- Provided material
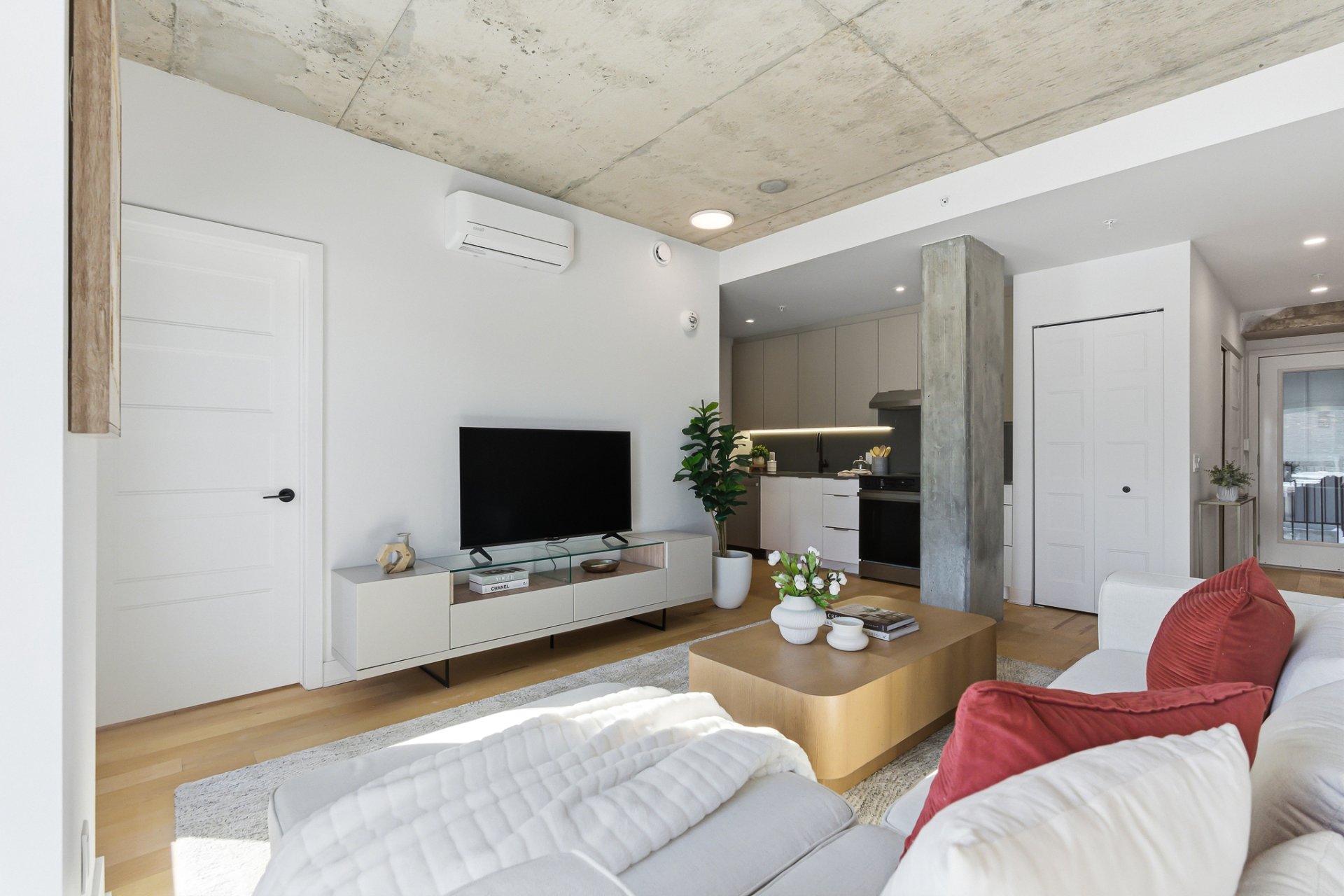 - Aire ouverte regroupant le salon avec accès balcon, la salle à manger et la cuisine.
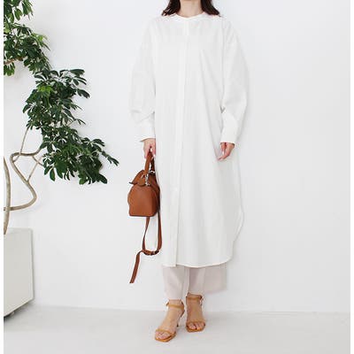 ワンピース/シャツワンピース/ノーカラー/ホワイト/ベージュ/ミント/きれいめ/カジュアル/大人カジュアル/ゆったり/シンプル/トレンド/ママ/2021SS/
...
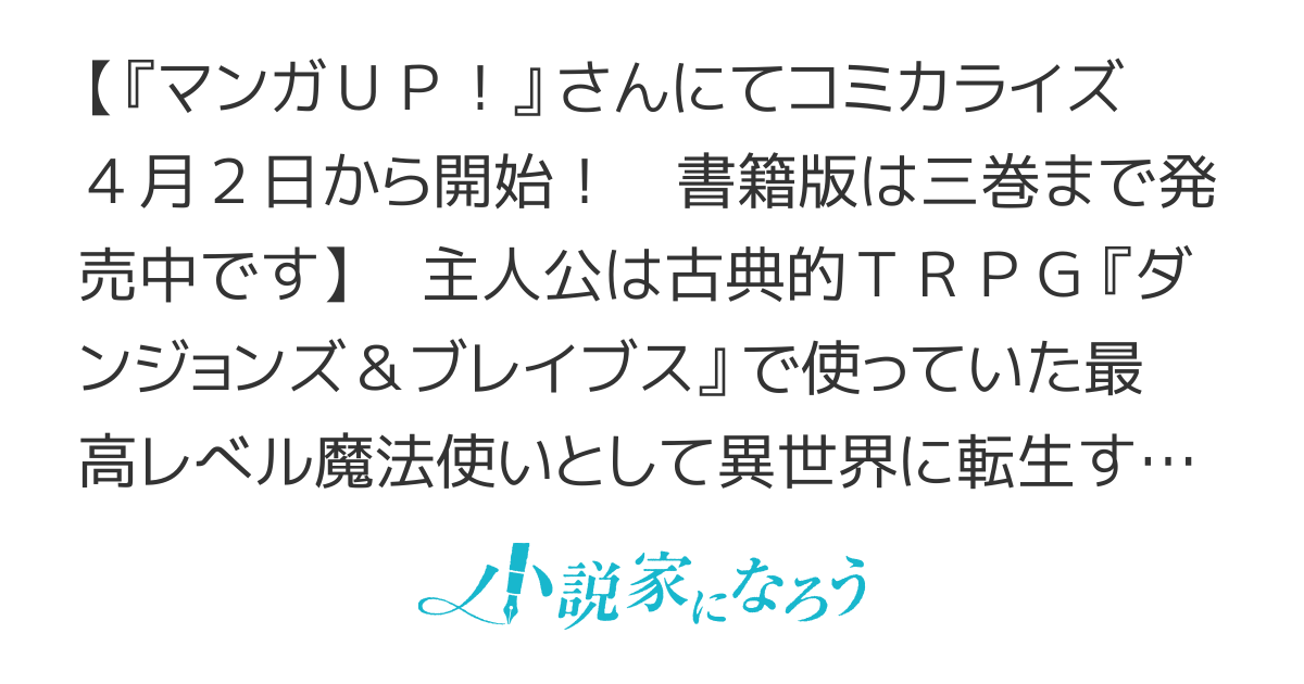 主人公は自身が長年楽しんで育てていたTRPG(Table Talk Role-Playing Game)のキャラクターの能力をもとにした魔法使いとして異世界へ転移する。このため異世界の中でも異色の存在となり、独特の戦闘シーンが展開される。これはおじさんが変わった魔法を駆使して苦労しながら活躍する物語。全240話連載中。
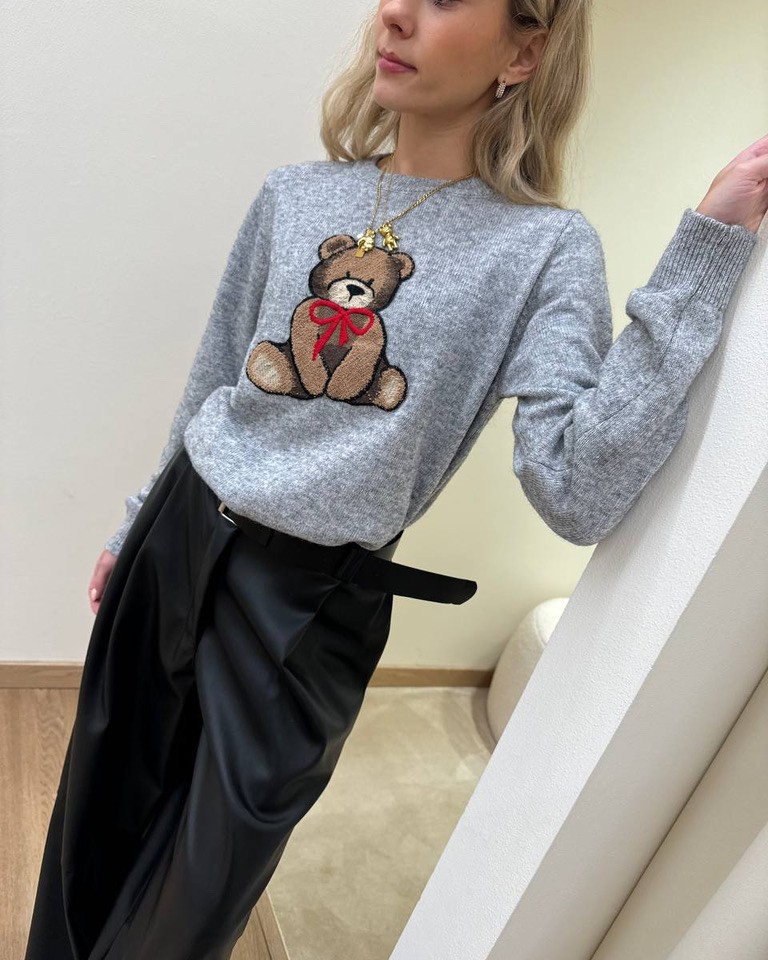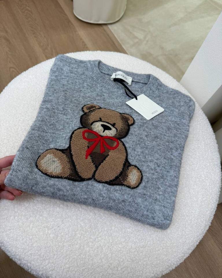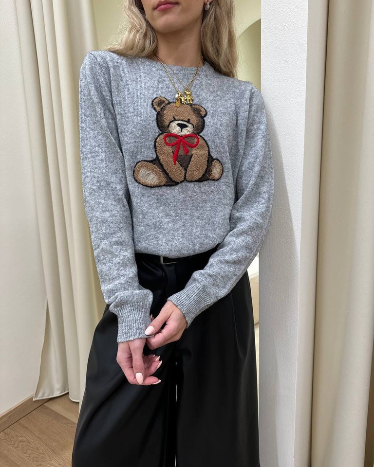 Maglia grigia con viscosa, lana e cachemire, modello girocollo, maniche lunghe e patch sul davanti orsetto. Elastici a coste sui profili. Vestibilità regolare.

- Brief
Using the data above, transcribe exactly the lines between those containing "- Aire ouverte" and "ワンピース/シャツワンピース", inclusive, and leave every picture behind.

- Result
 - Aire ouverte regroupant le salon avec accès balcon, la salle à manger et la cuisine.
 ワンピース/シャツワンピース/ノーカラー/ホワイト/ベージュ/ミント/きれいめ/カジュアル/大人カジュアル/ゆったり/シンプル/トレンド/ママ/2021SS/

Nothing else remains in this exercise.